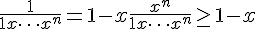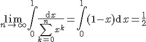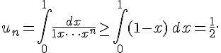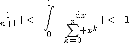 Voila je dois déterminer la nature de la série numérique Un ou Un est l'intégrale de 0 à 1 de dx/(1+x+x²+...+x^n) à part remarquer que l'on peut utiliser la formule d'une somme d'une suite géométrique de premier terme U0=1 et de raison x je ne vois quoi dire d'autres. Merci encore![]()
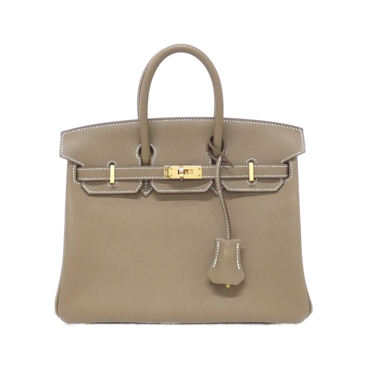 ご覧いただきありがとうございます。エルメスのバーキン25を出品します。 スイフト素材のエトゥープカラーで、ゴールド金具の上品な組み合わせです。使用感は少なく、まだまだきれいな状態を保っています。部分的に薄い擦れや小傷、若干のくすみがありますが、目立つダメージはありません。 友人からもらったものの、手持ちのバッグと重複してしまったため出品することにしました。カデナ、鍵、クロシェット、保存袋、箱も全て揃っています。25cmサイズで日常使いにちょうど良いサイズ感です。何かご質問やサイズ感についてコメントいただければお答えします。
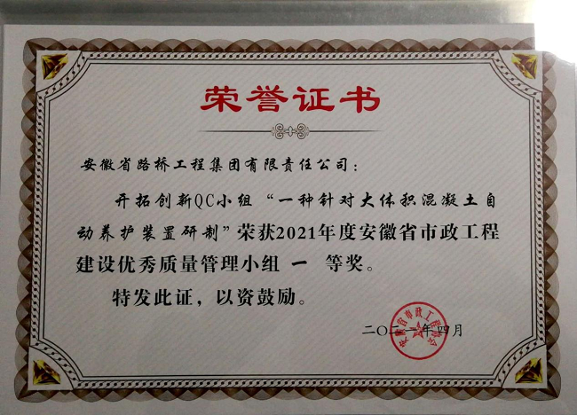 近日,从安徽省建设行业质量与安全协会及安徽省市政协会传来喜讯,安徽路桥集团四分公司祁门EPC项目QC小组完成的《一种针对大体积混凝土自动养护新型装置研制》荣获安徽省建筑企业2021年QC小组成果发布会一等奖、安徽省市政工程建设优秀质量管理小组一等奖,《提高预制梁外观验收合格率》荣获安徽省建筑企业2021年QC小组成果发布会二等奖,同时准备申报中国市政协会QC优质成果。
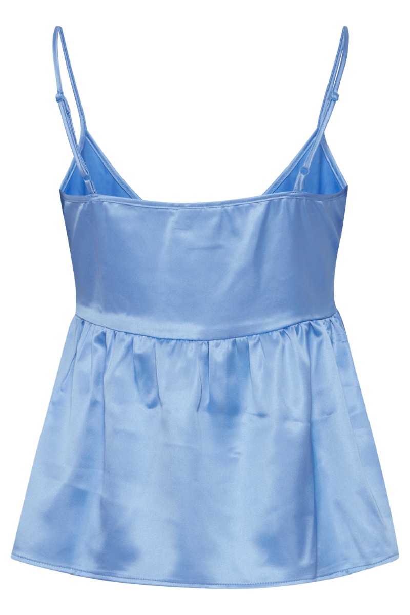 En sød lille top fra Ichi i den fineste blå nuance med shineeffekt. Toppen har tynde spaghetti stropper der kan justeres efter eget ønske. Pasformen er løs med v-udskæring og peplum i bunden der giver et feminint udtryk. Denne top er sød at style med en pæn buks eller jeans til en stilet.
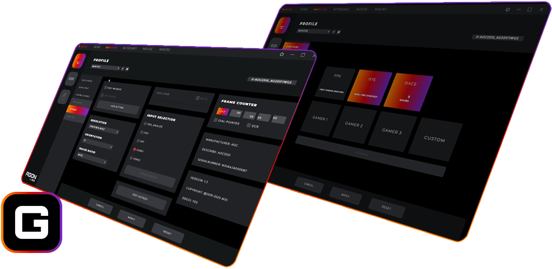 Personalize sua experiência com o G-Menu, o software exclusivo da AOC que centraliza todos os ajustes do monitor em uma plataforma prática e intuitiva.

---

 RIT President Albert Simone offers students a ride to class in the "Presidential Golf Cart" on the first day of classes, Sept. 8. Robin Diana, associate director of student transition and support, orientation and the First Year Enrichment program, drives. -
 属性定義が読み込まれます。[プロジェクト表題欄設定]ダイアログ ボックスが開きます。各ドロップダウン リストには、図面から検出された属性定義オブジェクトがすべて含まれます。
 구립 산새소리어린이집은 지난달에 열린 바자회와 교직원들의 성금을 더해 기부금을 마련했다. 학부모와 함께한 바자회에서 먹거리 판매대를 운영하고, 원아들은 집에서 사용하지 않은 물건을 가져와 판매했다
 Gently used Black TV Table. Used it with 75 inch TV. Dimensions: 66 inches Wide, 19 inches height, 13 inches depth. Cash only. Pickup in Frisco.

▸ Exercise directions:
Copy out the lines above from the line containing "Voila je dois" through the line containing "近日,从安徽省建设行业质量与", exactly, and keep the pictures out.

▸ Your solution:
 Voila je dois déterminer la nature de la série numérique Un ou Un est l'intégrale de 0 à 1 de dx/(1+x+x²+...+x^n) à part remarquer que l'on peut utiliser la formule d'une somme d'une suite géométrique de premier terme U0=1 et de raison x je ne vois quoi dire d'autres. Merci encore![]()
 ご覧いただきありがとうございます。エルメスのバーキン25を出品します。 スイフト素材のエトゥープカラーで、ゴールド金具の上品な組み合わせです。使用感は少なく、まだまだきれいな状態を保っています。部分的に薄い擦れや小傷、若干のくすみがありますが、目立つダメージはありません。 友人からもらったものの、手持ちのバッグと重複してしまったため出品することにしました。カデナ、鍵、クロシェット、保存袋、箱も全て揃っています。25cmサイズで日常使いにちょうど良いサイズ感です。何かご質問やサイズ感についてコメントいただければお答えします。
 近日,从安徽省建设行业质量与安全协会及安徽省市政协会传来喜讯,安徽路桥集团四分公司祁门EPC项目QC小组完成的《一种针对大体积混凝土自动养护新型装置研制》荣获安徽省建筑企业2021年QC小组成果发布会一等奖、安徽省市政工程建设优秀质量管理小组一等奖,《提高预制梁外观验收合格率》荣获安徽省建筑企业2021年QC小组成果发布会二等奖,同时准备申报中国市政协会QC优质成果。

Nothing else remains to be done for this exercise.